Нет-нет, говорит чей-то голос. Не Кора Бахман, не сестра Кристина, а совсем другое существо стоит в рассеянном утреннем свете посреди моей палаты, подходит к койке, подает мне широкую пухлую руку, напористо и чуточку шепеляво желает мне доброго утра, а затем, поворачиваясь вокруг своей оси, она - это существо в самом деле женского пола - пристально изучает каждый предмет в палате, в том числе и меня, одобрительно, как мне представляется. Я - Эльвира, говорит она, с грохотом извлекает из железного футляра пустое мусорное ведро, выносит его в коридор, чтобы опорожнить, быстро возвращается и, опять-таки с изрядным шумом, водворяет его на место, снова подходит к моей койке, снова подает мне руку: Всего доброго вам и до свиданьица! Я вижу деформацию в лице Эльвиры, чувствую вялое пожатие бесформенной руки, стремление к четкой форме не сумело пробить себе дорогу в ее теле и выразиться, но в чертах сквозит нечто вроде симпатии. Я говорю: Спасибо, Эльвира. И до свидания. - До скорого, да? - говорит Эльвира. Да, - отвечаю я.- До скорого.
Сестра Кристина досадует, что не смогла помешать Эльвире заявиться ко мне в такую рань. Сказала ведь ей, чтобы не тревожила меня, дала поспать, только очень уж она любопытная, вот в чем дело, никакого удержу. Сестра Кристина намерена сама проверить обе капельницы, и проконтролировать дренажи, выведенные из раны на животе, и поменять мешки, в которых собирается жидкость. Затем она передает пациентку сестре Маргот, чуть толстоватой, чуть шумноватой и уже сейчас, ранним утром, пахнущей потом, запах чувствуется, когда она наклоняется умыть пациентку. И слишком громко говорит, обращаясь к ней во множественном числе: Сейчас-сейчас, мы быстро, приподнимем-ка ногу еще чуть-чуть, а? Нам ведь хочется выглядеть в операционной красиво, да? Наконец она открывает окно и уходит, а я с облегчением вдыхаю свежий утренний воздух. Так, говорит сестра Кристина, а теперь знаменитый укольчик, скоро все станет вам приятно-безразлично. Главное - думайте, что идете под нож последний раз. Она надевает пациентке марлевый чепчик, прячет под него волосы, которые в парикмахерской, к счастью, обкорнали совсем коротко, но в операционную ее везет, увы, опять сестра Эвелин, аккуратная, изящная, невзирая на ранний час, превосходно подкрашенная, и опять койка пересчитывает все углы. Вообще-то еще рано, ну да ничего. Все равно я первая на очереди.
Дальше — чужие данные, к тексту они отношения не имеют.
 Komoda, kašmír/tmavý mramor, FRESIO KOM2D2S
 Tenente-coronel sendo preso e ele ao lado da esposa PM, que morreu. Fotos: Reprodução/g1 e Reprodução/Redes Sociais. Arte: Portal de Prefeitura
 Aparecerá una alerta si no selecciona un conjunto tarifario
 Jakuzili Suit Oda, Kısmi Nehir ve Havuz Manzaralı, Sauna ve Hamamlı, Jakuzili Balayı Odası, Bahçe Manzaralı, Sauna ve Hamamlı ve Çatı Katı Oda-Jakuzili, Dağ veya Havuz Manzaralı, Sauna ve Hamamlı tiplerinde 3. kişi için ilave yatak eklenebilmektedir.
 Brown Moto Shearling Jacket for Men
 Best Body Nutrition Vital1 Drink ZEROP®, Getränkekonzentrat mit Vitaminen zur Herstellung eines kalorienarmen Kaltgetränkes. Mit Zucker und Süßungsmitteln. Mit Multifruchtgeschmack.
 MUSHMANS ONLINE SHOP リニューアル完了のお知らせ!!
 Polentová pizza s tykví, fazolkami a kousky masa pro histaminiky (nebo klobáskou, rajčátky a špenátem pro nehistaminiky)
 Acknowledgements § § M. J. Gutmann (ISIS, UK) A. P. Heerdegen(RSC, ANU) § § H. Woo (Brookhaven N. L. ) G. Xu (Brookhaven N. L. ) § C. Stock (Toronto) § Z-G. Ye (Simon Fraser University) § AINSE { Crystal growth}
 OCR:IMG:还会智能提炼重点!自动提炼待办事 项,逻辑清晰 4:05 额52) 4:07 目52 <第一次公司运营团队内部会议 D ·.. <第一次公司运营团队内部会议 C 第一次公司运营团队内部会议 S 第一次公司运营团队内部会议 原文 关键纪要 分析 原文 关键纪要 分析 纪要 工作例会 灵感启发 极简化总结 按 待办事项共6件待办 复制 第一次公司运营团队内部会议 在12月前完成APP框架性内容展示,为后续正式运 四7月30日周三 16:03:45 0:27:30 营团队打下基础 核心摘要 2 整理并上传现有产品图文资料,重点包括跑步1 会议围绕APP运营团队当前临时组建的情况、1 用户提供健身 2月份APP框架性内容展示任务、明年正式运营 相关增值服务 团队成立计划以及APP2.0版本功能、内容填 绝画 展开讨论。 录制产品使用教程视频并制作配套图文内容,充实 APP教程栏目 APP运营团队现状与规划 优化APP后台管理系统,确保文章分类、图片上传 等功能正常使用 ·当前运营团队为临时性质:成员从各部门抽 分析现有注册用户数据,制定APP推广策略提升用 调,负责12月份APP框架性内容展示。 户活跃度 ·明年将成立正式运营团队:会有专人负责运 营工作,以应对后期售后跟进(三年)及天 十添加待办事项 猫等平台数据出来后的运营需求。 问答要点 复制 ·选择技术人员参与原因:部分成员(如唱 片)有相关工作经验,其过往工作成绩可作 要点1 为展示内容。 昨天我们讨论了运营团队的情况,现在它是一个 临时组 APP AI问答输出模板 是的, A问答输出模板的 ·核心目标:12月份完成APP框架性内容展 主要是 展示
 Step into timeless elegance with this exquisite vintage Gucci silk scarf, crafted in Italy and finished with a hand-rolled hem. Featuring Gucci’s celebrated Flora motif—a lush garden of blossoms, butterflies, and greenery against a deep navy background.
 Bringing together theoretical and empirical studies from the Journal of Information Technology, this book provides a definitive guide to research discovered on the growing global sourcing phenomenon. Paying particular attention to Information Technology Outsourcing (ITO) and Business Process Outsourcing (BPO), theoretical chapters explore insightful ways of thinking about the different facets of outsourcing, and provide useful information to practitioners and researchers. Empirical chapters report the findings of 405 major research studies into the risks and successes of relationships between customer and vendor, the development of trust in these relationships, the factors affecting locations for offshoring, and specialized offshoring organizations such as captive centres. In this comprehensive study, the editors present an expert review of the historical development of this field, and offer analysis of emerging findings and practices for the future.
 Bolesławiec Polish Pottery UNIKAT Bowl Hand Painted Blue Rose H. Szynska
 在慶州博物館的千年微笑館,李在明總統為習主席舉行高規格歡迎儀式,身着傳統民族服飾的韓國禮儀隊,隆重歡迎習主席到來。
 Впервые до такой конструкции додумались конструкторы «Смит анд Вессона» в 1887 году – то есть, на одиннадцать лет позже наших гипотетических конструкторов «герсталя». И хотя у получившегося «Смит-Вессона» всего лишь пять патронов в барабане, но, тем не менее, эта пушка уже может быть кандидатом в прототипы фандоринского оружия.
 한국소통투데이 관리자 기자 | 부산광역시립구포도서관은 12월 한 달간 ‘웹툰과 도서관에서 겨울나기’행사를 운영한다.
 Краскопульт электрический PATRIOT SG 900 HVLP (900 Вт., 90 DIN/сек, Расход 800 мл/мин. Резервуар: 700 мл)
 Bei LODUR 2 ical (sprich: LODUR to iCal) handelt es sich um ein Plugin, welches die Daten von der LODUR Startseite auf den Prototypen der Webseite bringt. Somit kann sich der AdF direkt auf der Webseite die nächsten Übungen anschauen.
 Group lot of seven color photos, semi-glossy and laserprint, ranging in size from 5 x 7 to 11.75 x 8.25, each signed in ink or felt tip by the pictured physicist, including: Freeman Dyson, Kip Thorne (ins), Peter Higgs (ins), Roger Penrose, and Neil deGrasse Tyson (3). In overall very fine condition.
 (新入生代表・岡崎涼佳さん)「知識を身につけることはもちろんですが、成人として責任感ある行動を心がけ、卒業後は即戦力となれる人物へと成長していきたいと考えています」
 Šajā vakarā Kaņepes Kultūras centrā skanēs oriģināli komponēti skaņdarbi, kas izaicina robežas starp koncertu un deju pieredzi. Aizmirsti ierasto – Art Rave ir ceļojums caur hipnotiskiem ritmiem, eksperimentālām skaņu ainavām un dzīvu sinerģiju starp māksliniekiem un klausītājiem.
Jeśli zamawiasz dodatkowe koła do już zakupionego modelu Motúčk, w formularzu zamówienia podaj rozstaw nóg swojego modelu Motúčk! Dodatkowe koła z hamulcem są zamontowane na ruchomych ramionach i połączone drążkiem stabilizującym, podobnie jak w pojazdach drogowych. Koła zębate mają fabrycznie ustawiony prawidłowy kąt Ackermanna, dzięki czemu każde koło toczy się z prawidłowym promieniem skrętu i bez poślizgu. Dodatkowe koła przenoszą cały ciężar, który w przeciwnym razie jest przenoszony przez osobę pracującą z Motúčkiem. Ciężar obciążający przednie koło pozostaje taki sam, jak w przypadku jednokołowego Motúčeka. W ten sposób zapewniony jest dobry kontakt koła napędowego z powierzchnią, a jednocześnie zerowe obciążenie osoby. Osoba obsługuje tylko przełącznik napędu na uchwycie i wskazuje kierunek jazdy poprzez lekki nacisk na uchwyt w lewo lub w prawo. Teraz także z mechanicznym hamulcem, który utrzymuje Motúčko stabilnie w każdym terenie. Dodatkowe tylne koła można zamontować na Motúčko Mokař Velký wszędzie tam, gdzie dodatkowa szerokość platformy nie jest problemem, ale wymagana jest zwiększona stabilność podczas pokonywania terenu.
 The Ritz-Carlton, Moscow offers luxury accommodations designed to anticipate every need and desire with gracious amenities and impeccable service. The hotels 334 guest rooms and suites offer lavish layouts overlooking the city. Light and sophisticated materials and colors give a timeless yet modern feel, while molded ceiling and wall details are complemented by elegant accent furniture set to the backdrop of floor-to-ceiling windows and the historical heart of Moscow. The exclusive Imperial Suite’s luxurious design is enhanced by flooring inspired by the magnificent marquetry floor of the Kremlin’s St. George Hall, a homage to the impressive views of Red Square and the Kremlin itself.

На самом деле это не повод чувствовать себя польщенной, очередность в операционной наверняка устанавливают не в зависимости от чинов и заслуг, а, к примеру, в зависимости от серьезности положения. Она успевает немножко поиграть некоторой двусмысленностью этой фразы, потом вся в зеленом, вся цвета темной морской волны входит операционная сестра. Так она представляется: Я - операционная сестра, - и начинает разговор, простыми, короткими фразами. Пациентка слышит свои немногословные ответы, слышит как бы издалека. Узнаёт - сквозь все более толстый слой ваты, - что эта сестра нынче впервые вновь вышла на дежурство. Что она не одну неделю бюллетенила, из-за гепатита, в операционной заразилась. Что у нее двое детей и муж-инженер. Пациентка говорит: Вот как? И: Да что вы? И: Как замечательно для вас, - и видит, как операционная сестра, стоя к ней спиной, что-то достает из стеклянного шкафа, набирает шприцы, ловко совершает какие-то манипуляции. Входит мужчина, через дверь с табличкой ОПЕРАЦИОННАЯ 1, он тоже в темно-зеленом, и на голове у него зеленая шапочка, из-под которой - сейчас это отчетливо видно - выглядывают седеющие на висках волосы. Он хочет поздороваться с нею, пока она не уснула, это завотделением, он пожимает ей руку, вопросительно смотрит на сестру, та говорит: Все в порядке. Я с ней разговаривала. Пациентка осознает, что разговор с нею - одна из обязанностей операционной сестры, но это ей не мешает. Отлично, говорит завотделением. Все будет хорошо. Ну конечно, говорит она и с легкой иронией думает: а как же иначе-то?
Даже сюда, в операционную, добралось это словечко - "хороший". Вместе со своим вариантом - "добрый". Не оно ли было главной рифмой, которая задавала тон в детстве, - хороший, добрый, хороший? Хороший? Добрый? как-то раз наорал на меня Урбан, ты что, наивная простушка? Хороший, добрый - вообще самые что ни на есть мещанские слова. "Благороден будь, скор на помощь и добр"[6], эти рассуждения насчет человека - самая что ни на есть мещанская шарманка, катехизис мелкого обывателя, из которого слова "добрый", хороший" вырастят бесчеловечного монстра и сверхчеловека. Но к тому времени, возразила ему я, еще робко, к тому времени он все-таки давным-давно оставит словечки "хороший" и "добрый" позади. Как ты. Как мы, поправила я себя. А Урбан, поджав губы, отозвался: Думай, что говоришь.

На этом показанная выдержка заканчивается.